With slower or negative economic growth expected to emerge, together with slowing inflation and the impact of monetary tightening policies, we expect 2023 to bring upside for bonds, defensive stocks and emerging markets. Most markets and asset classes will continue to remain volatile for the near-term as asset valuations recalibrate amidst slower corporate earnings and economic growth expectations. A big known unknown is China’s willingness and timing to reverse its zero-Covid policy.

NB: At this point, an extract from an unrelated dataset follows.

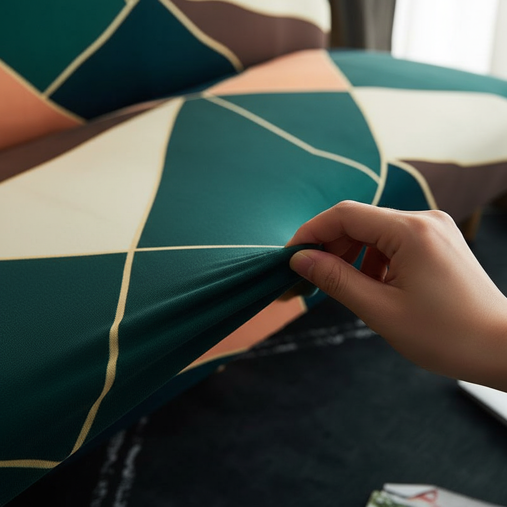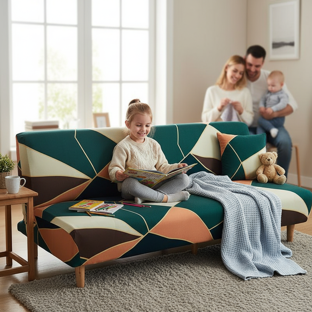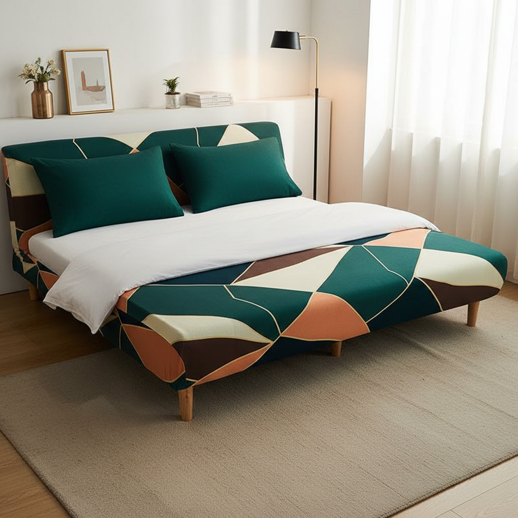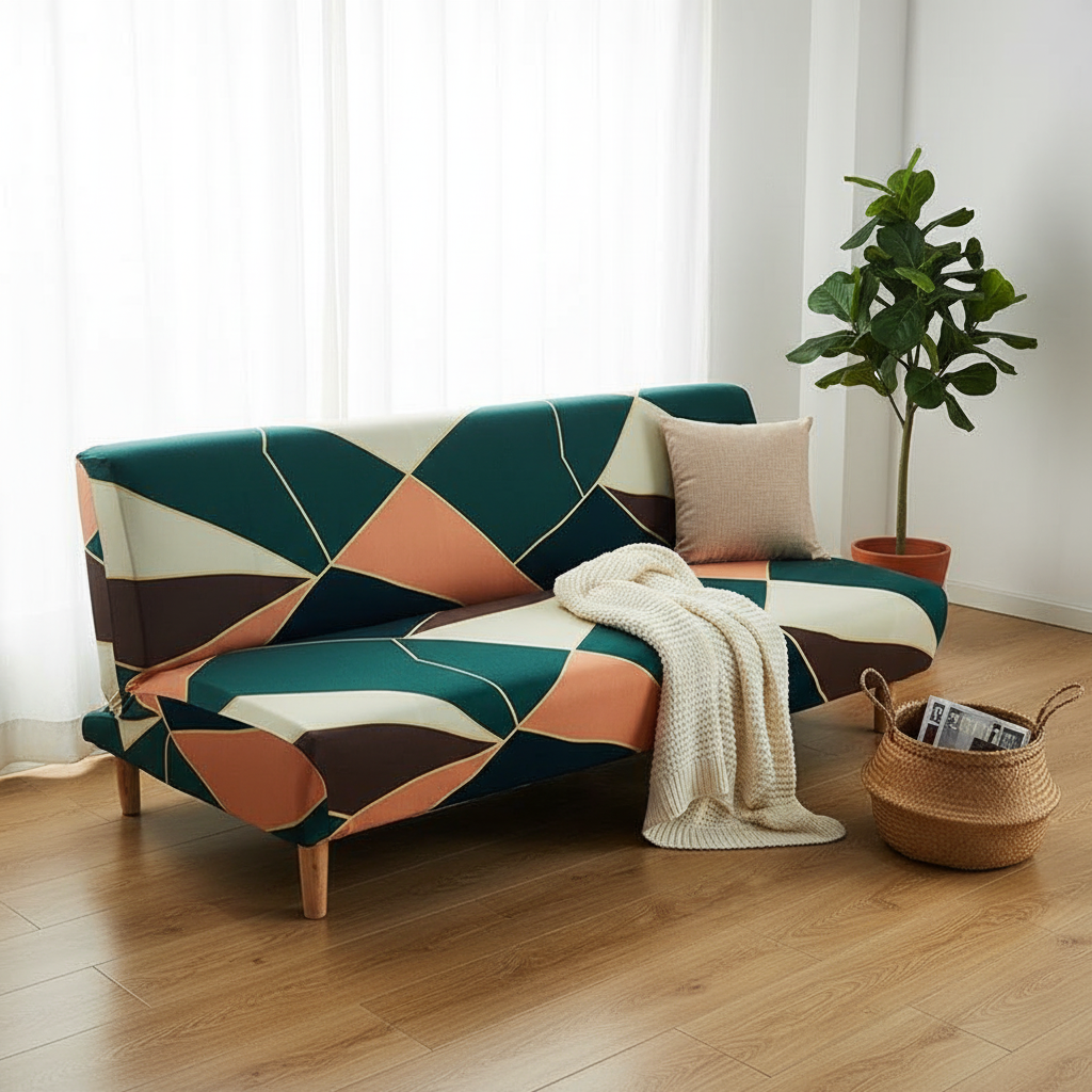 Transformez votre intérieur avec notre housse de clic-clac au motif géométrique moderne. Conçue en polyester extensible, elle offre une protection complète et un toucher doux, parfaite pour rafraîchir votre canapé-lit sans accoudoirs.

Our asset allocation algorithms will see diversification benefits as interest rate hikes slow down. We are confident that our SqSave investment portfolios remain well-positioned overall to weather changing market conditions, including once markets start to recover as always, as in past economic cycles.

Chart 4


Source: Yahoo! Finance

Yours sincerely
SqSave Quantitative Investment Team

Disclaimer

The contents herein are intended for informational purposes only and do not constitute an offer to sell or the solicitation of any offer to buy or sell any securities to any person in any jurisdiction. No reliance should be placed on the information or opinions herein or accuracy or completeness, for any purpose whatsoever. No representation, warranty or undertaking, express or implied, is given as to the information or opinions herein or accuracy or completeness, and no liability is accepted as to the foregoing. Past performance is not necessarily indicative of future results. All investments carry risk and all investment decisions of an individual remain the responsibility of that individual. All investors are advised to fully understand all risks associated with any kind of investing they choose to do. Hypothetical or simulated performance is not indicative of future results. Unless specifically noted otherwise, all return examples provided in our websites and publications are based on hypothetical or simulated investing. We make no representations or warranties that any investor will, or is likely to, achieve profits similar to those shown, because hypothetical or simulated performance is not necessarily indicative of future results.